What needs to be done: Could you copy exactly the lines from the one containing "encima del promedio." through the last line of the records below, leaving out any pictures?

= Beginning of Section =

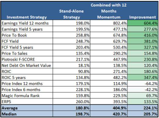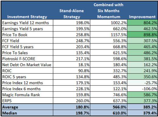 On average, if you combined 6 months' momentum with 13 other investment strategies, your returns would have increased just over 385%.
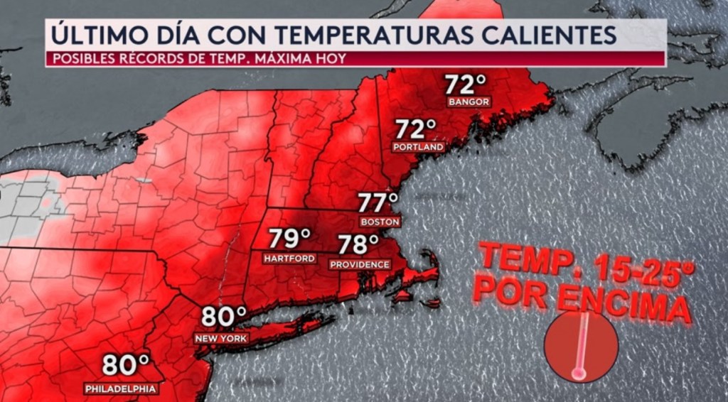 •Hoy será el último día con temperaturas calientes en el noreste. Máximas estarán en los 80° para Filadelfia y Nueva York y en los 70° para Boston, Hartford y Portland. Estos valores representan anomalías de entre 15-25° por encima del promedio.
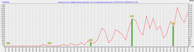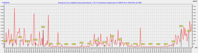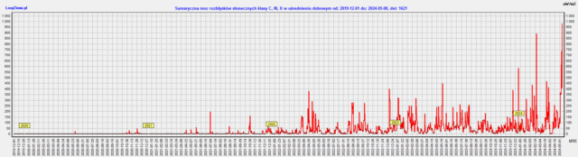 Mamy dopiero 4 miesiące i 8 dni 2024 roku, a sumaryczna energia rozbłysków przekroczyła już 15.5 mW/m2
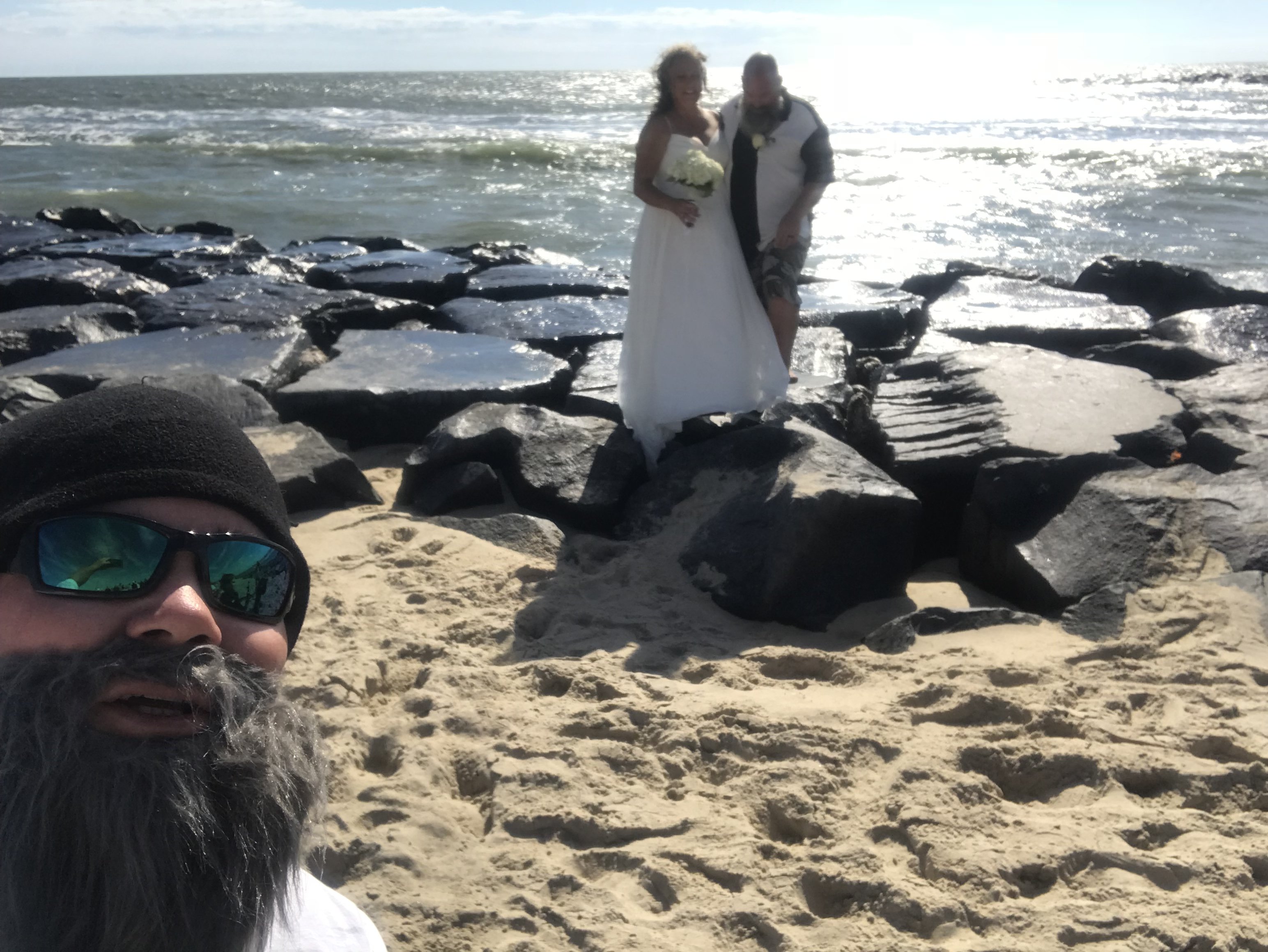 I had the pleasure of attending the laid back beach wedding of my good friend Captain Jeff Coats of Pitboss Fishing has he married his best friend Karen Langford Kelly. Captain Franky Pettolina of the Last Call officiated the ceremony on the beach in the inlet and Captain Jeff and Karen exchanged vows. Dave Messick of Hooked on OC was the official photographer and videographer and my son Ryan was the official Facebook Live videographer. The ceremony was followed by a reception/party at Harborside Bar and Grill and everyone had a great time. Congratulations to Captain Jeff and Karen on their wedding!!
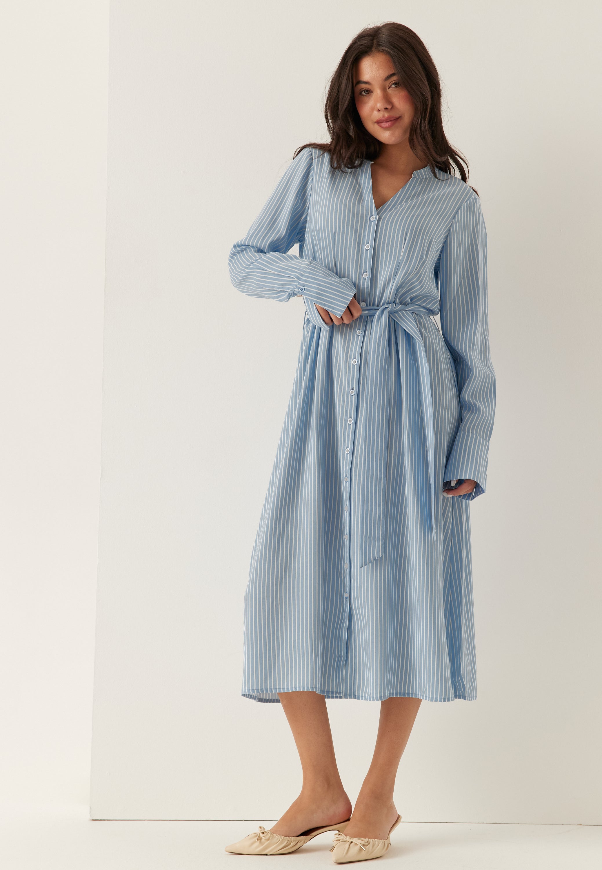 - Bell-shaped fit with a removable tie belt

= End of Section =

Task answer:
 •Hoy será el último día con temperaturas calientes en el noreste. Máximas estarán en los 80° para Filadelfia y Nueva York y en los 70° para Boston, Hartford y Portland. Estos valores representan anomalías de entre 15-25° por encima del promedio.
 Mamy dopiero 4 miesiące i 8 dni 2024 roku, a sumaryczna energia rozbłysków przekroczyła już 15.5 mW/m2
 I had the pleasure of attending the laid back beach wedding of my good friend Captain Jeff Coats of Pitboss Fishing has he married his best friend Karen Langford Kelly. Captain Franky Pettolina of the Last Call officiated the ceremony on the beach in the inlet and Captain Jeff and Karen exchanged vows. Dave Messick of Hooked on OC was the official photographer and videographer and my son Ryan was the official Facebook Live videographer. The ceremony was followed by a reception/party at Harborside Bar and Grill and everyone had a great time. Congratulations to Captain Jeff and Karen on their wedding!!
 - Bell-shaped fit with a removable tie belt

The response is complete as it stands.